Adding fuel to his relativism
McLaren also shows that he is denying biblical authority when he states, “The earliest Protestants [meaning those of the Reformation of the sixteenth century] transferred the fulcrum or center of authority from the church to the Bible (which the…invention of an improved press facilitated greatly). But the Bible requires human interpretation, which was a problem…”14. Here McLaren totally ignores the fact that Scripture is to be interpreted by Scripture, as Psalm 36:9 explains, “for with thee is the fountain of life: in thy light shall we see light.” God’s truth is seen in the light of God’s truth, “Which things also we speak, not in the words which man’s wisdom teacheth, but which the Holy Ghost teacheth; comparing spiritual things with spiritual.”15
Having left Scriptural truth behind, McLaren now lays the groundwork for his theory by which he hopes, in the words of Vatican Council II, to remove one of “the obstacles to ecclesial communion”. His theory is that both Conservative and Liberal Protestants have trouble accepting the authority of the Bible in the “post-evangelical” or “post-modern” or “post-liberal” world in which their civil, political views are based in their religious convictions, causing a polarization between them. Of this, he says, both groups must repent because “[both] having survived in different ways the rough waters of modernity, they are now facing a new challenge: working together to save the village which we call planet Earth.”16 His own religion-based solution to what he casts as a civil and political problem that liberal and conservative Protestants have made is to say that times have changed and it is now necessary to change the norm of biblical interpretation accordingly. This is most interesting, since this is the same modus operandi as Papal Rome. In the beginning of her latest Catechism, the Vatican states, “Read the Scripture within the ‘living Tradition of the whole Church.'”17 Then Rome goes so far as to reprimand those who stray because she states there is “…the tendency to read and to interpret Sacred Scripture outside the Tradition and Magisterium of the Church.”18 McLaren is in the early stages of presenting the same protocol as Papal Rome. But then, Rome said that the induction of Protestant churches was to be “little by little” as their thinking was changed by dialogue with Catholics.
McLaren Reshapes History
In trying to lump liberals and conservatives together, McLaren also shows his prejudice against Evangelicalism by strongly insinuating that the Reformation of the sixteenth century was the beginning of believers placing their trust in the written Word of God. 19 He is wrong about this, as the history of the Vaudois, Albigenses, and Waldenses show. His point is that there is a shift today away from the emphasis on the authority of the Bible (he leaves out the word “alone”), just as in the time of the Reformation there was a shift away from the authority of the Roman Catholic Church to the Bible. His attack on Martin Luther is to show him only as an individualist who would not bow to Catholic authority–but that is not why Martin Luther is important in church history. He states that in the context of “Martin Luther’s famous individualistic statement, uttered before the Catholic authorities with whom he disagreed, expresses this shift perfectly: Here I stand. That sentence might be understood as the first statement uttered in the modern world.”20 Here McLaren uses historical fact to chip away at individual salvation, which will dovetail nicely into his argument for emphasis on universal salvation. He totally neglects the content of Martin Luther’s historic position–which was to stand for justification by faith alone based in the authority of the Bible alone. In this way, he is able to use Martin Luther as simply a man of another time, not relevant for today because that time, which he calls modern, is now over. What he has failed to comprehend is that the biblical truth that justification is by faith alone is timeless. But McLaren’s opinion falls directly in line with the 1999 concordat between the Roman Catholic Church and the German Lutheran Federation in which it was declared that Lutherans and Catholics now agree on the issue of justification by faith alone and that the Reformation was a mistake.

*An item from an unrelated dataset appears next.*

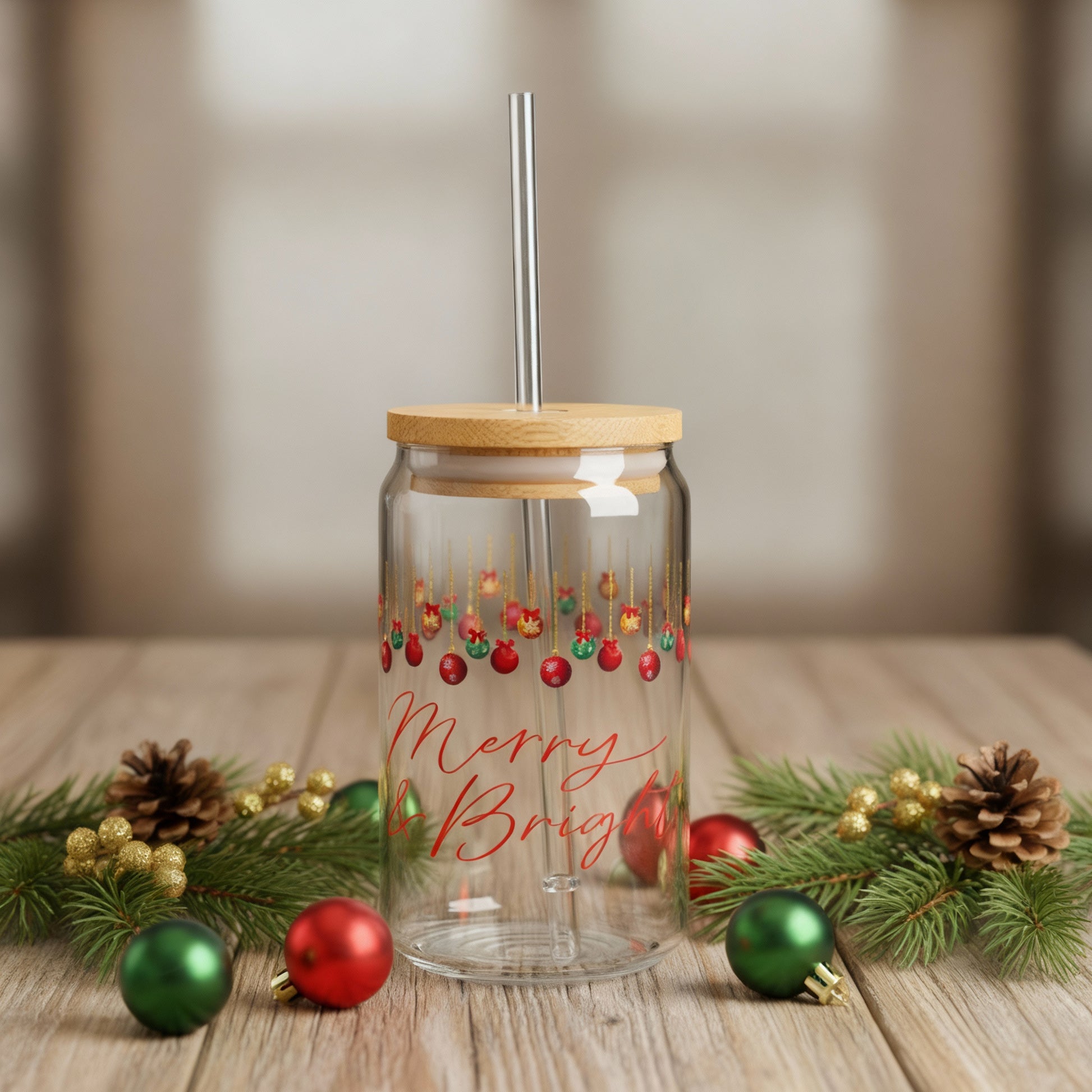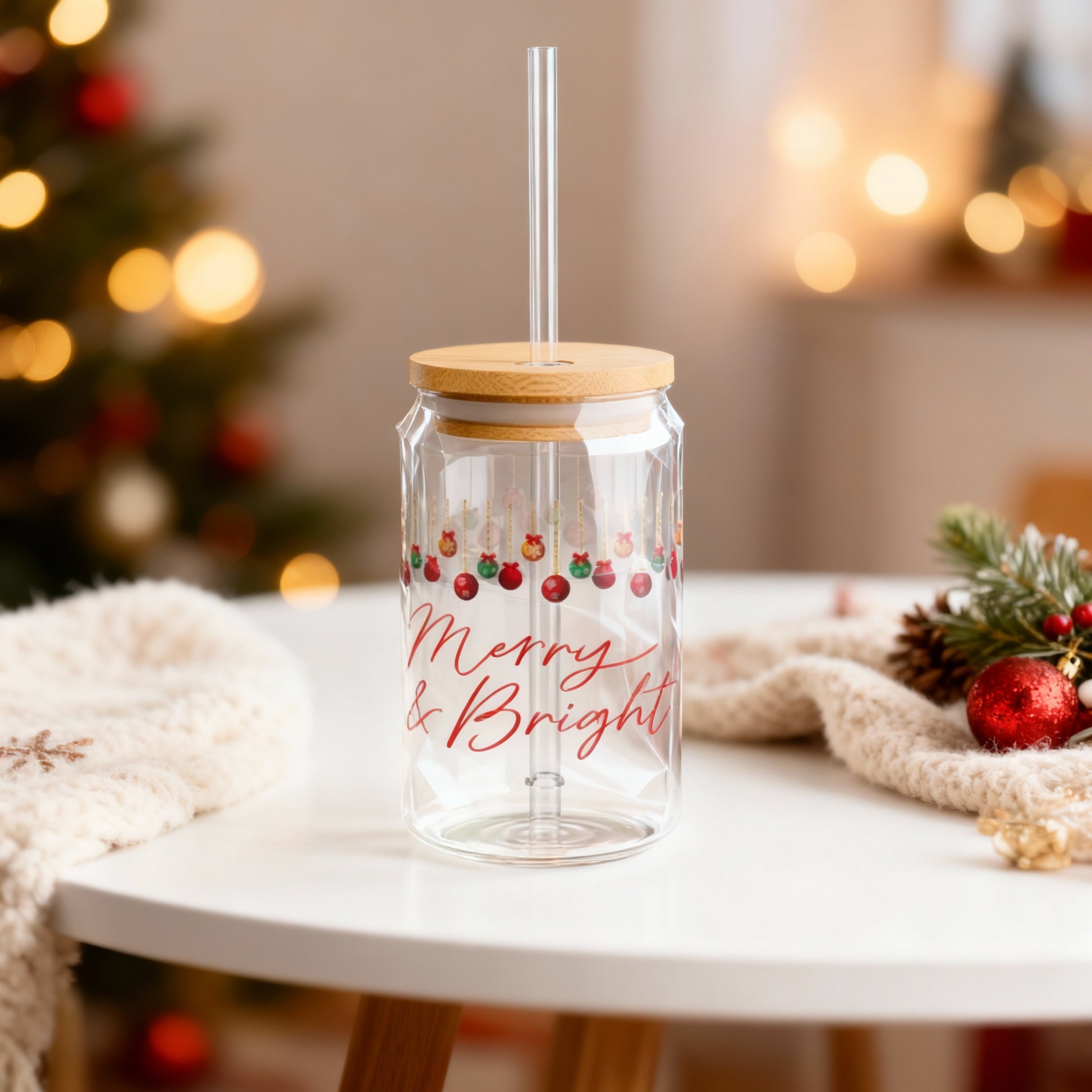 Each glass comes complete with a bamboo gasket-push lid and a reusable Tritan plastic straw, giving you a spill-resistant, stylish way to enjoy your beverages all season long. Whether you’re decking the halls, wrapping gifts, or heading to a holiday party, this cup brings a little “merry & bright” to every sip.
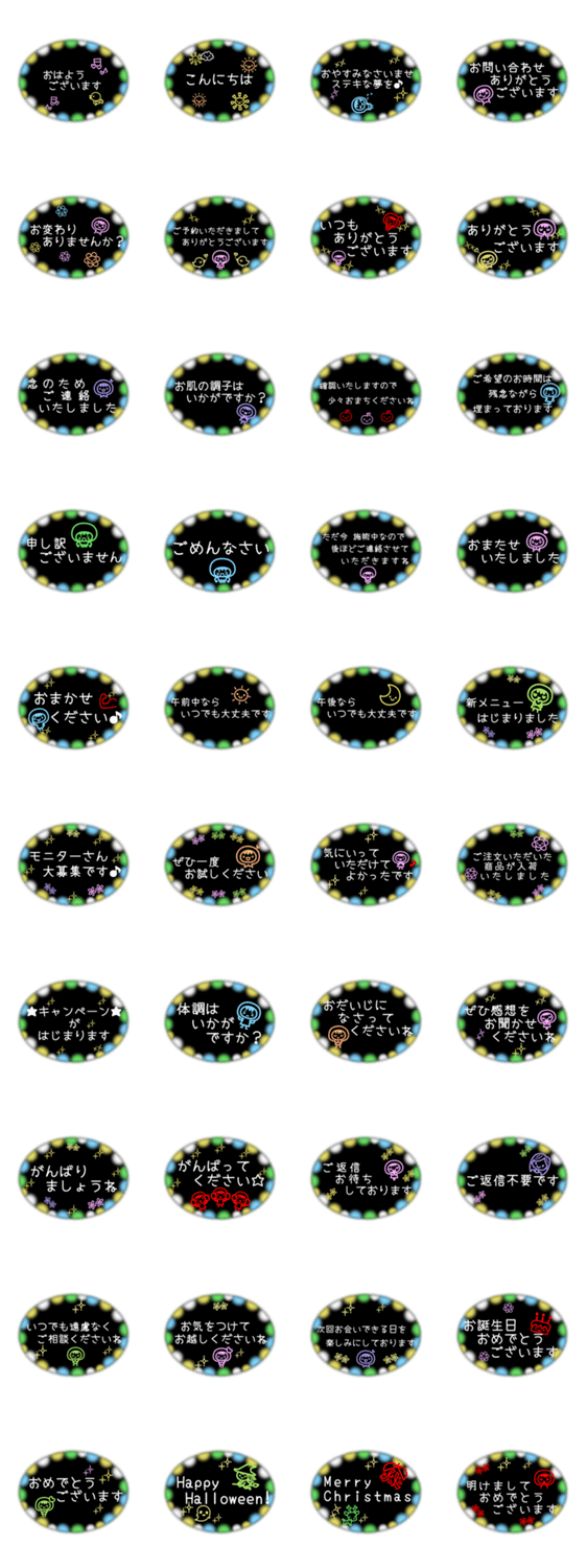 接客業(エステ・美容師さんなどなど)で使えそうなスタンプ、 大人っぽい黒バージョンです。 施術中などで文字を打っていられない~! そんな時にも重宝します♪

McLaren mum on the Inquisition
What McLaren never tells is that the authority of the Roman Papacy was not well established until near the end of the eleventh century, when by crusades and the Inquisition, the Papacy by coercion forced people to submit to her ecclesiastical dictates. Many refused. Uncountable millions were robbed, tortured, and martyred because they held to the authority of the Bible in those bloody centuries and refused to accept Roman Catholic doctrines and traditions. At one point, McLaren admits that he is being unfair in his presentation of English history, but he does not apologize or correct his illicit revision of historical fact.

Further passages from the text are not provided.